Introduction
We’ll use the RISC-V Vector instruction extension set as an example. It is a ‘vector length agnostic’ SIMD architecture, where the same instruction sequence can handle vector lengths of 128, 256, 512, or more bits. The Sophgo sg2380 processor is a good example of this class, with applications in video surveillance and image processing - eventually perhaps even autonomous munitions.
Note
The sg2380 has 16 cores capable of handling 128 bit vectors and four cores capable of handling 512 bit vectors.
Ghidra - as of release 11.2 - doesn’t handle RISCV vector extensions at all well. What can we do now to prepare a future version of Ghidra to do a better job? Improving Ghidra will take some time, so we will work with compiler toolchains likely to be used in production sometime in the near future. For now, that’s gcc 15 with -O3 optimization and machine architectures of rv64gcv at a minimum.
We will use a couple of reference binaries as exemplars for Ghidra analysis:
- The Whisper.cpp voice-to-text inference engine. This is a good example of using Machine Learning models for voice recognition and translation. It uses vector math extensively.
- The Data Path Development Kit - DPDK framework for network processing applications like routers and firewalls. This has very little vector math. Optimizing compilers can still find a reason to translate many simple loops into complex vector instruction sequences.
Using this site
The simplest way to use this site is to browse through the examples, looking for the patterns in how the reference compiler translates simple C code into sequences of RISC-V instructions. Most patterns are built with two machine architectures, with and without vector instructions enabled.
More advanced users can use the sqlite3 database of precompiled patterns to help translate vector instruction
sequences back into C code. The Jupyter Lab notebook Advisor.ipynb can take a Ghidra disassembly sample
from your clipboard and compare it to several thousand training set examples. This likely won’t provide
a solid match, but can provide useful context.
The most advanced users will extend the sqlite3 training set database with a complete RISC-V ecosystem when analyzing a particular executable binary
- A
gcc,binutils, andglibccompiler toolchain built from source, iteratively configured to produce code close to that observed in the binary under evaluation. - a qemu user-space emulator configured to implement the target hardware architecture, including things like the actual vector length(s) supported in the binary
- a qemu system emulator configured to implement the target hardware architecture, with any custom kernel modules required by the executable.
Advanced Usage Scenario
There are a lot of arbitrary decisions in a project like this, so we will pick an overall advanced scenario to shape those decisions.
We assume a corporation is evaluating a voice-activated and AI-adaptive router-firewall appliance and
asked its resident Ghidra user to evaluate its executables. Initial inspection suggests the vendor has adopted a
multi-core RISCV-64 processor with vector instructions, a GCC-15 toolchain, and a linux real time OS. Our Ghidra user
believes the product under test has library code somewhat similar to Whisper.cpp for the voice recognition and AI-adaptive
elements and DPDK-like code for the router/firewall functions.
Interim Conclusions
Ghidra users are most likely to encounter RISCV vector instruction sequences in three circumstances:
- Inline expansion of utility functions similar to
memcpyorstrlen. These are common in source code and generally easy for humans and the Advisor to recognize. - Auto-vectorized simple loops that have been ‘strip-mined’ by the compiler for faster execution. These are also common in optimized code. The Advisor can recognize many of these, while their diversity can make it difficult for humans to untangle. Optimized loops over arrays of structures can be especially confusing when the compiler has optimized index, offset, and loop termination calculations.

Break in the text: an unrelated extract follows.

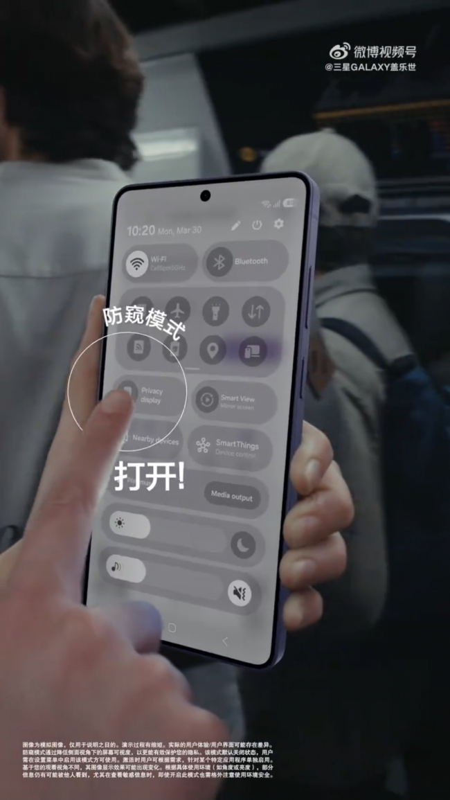 早高峰地鐵里,Galaxy S26 Ultra的內置防窺屏不僅能一鍵開啟,還能根據使用場景自定義防窺顯示屏的防窺模式——當你打開銀行App、進入支付界面,或在鎖屏界面輸入密碼時,或打開指定應用時自動開啟,并可靈活調整隱私等級,做到正面清晰,側面隱身。更貼心的是,它還能實現“局部防窺”:來消息時只有通知彈窗區域被保護,屏幕其他區域依然正常顯示,既守護隱私又不影響使用。你可以設置成相冊App自動開啟防窺,讓別人偷瞟不了你的照片;也可以讓它在連接公司Wi-Fi時自動激活,成為職場人的隱形shield。

- Optimization of scalar code, where the compiler has replaced simple scalar instructions initializing a data structure with fewer vector instructions. The most common example is initializing two consecutive 64 bit elements to zero. Also common are vector sequences initializing two adjacent integers to (0,1) or (false, true). These vector sequences are fairly easy for both humans and Advisor to recognize - but it can be far more difficult to figure out just what fields or objects have been initialized.
The biggest surprise of this study was the prevalence of that third case - how often optimizing compilers could obfuscate initialization
code that was likely far from the critical data path. Using Ghidra to completely analyze the main routine of a Whisper.cpp application requires
first analysis of optimized libstdc++ string, vector, map, and iostream inlined code. That analysis will hopefully identify the type and layout
of objects allocated on the stack and heap. After that Advisor can associate initialization vector instructions with those objects.
At that point the Ghidra user can look at such objects to decide if they are relevant to their specific analysis task.